── INFORMATION PROVIDED ──
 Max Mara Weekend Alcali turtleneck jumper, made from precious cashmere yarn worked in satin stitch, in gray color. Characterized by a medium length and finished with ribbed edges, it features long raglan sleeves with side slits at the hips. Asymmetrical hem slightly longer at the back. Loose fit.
───
── INFORMATION PROVIDED ──
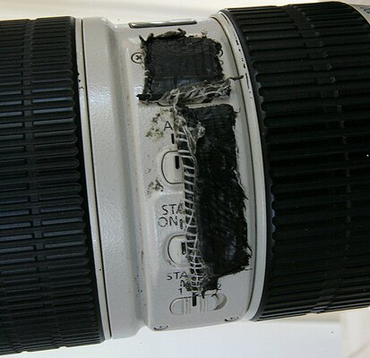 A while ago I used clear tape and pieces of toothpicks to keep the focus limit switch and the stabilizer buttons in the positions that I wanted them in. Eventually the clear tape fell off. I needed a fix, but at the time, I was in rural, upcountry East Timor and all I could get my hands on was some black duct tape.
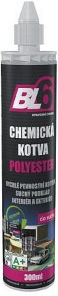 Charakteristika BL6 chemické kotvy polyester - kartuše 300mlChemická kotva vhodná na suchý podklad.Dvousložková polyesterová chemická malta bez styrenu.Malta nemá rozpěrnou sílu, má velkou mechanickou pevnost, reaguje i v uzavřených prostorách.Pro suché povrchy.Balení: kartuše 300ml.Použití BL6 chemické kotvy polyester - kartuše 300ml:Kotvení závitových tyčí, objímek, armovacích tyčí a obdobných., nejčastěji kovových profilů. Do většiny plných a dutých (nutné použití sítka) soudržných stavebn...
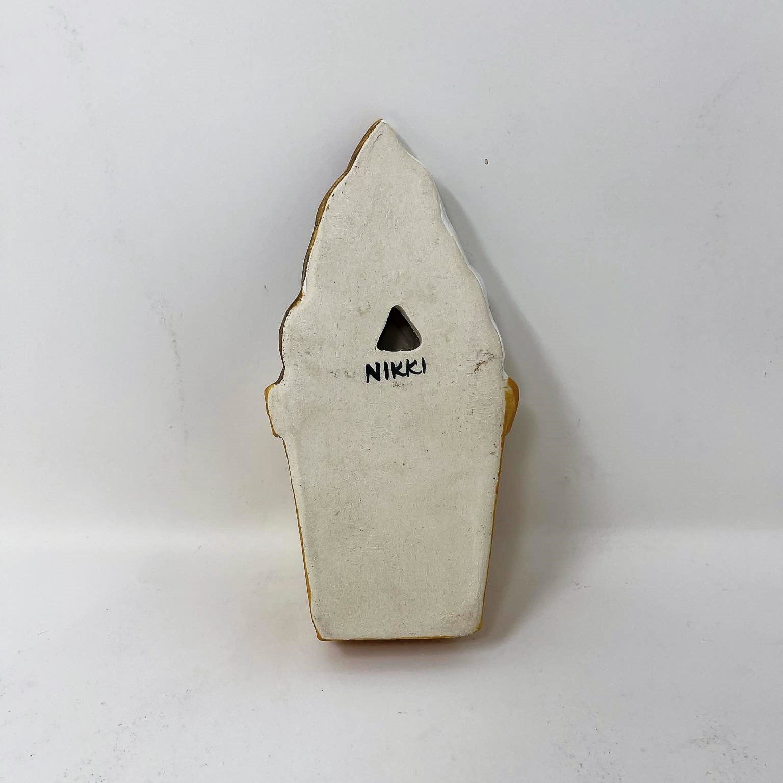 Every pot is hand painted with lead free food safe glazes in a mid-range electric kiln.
───
From the data above, return exactly the lines from the one with "Charakteristika BL6 chemické" up to and including the one with "Every pot is". Pictures do not go in the copy.

• **REPLY TO THE EXERCISE**
 Charakteristika BL6 chemické kotvy polyester - kartuše 300mlChemická kotva vhodná na suchý podklad.Dvousložková polyesterová chemická malta bez styrenu.Malta nemá rozpěrnou sílu, má velkou mechanickou pevnost, reaguje i v uzavřených prostorách.Pro suché povrchy.Balení: kartuše 300ml.Použití BL6 chemické kotvy polyester - kartuše 300ml:Kotvení závitových tyčí, objímek, armovacích tyčí a obdobných., nejčastěji kovových profilů. Do většiny plných a dutých (nutné použití sítka) soudržných stavebn...
 Every pot is hand painted with lead free food safe glazes in a mid-range electric kiln.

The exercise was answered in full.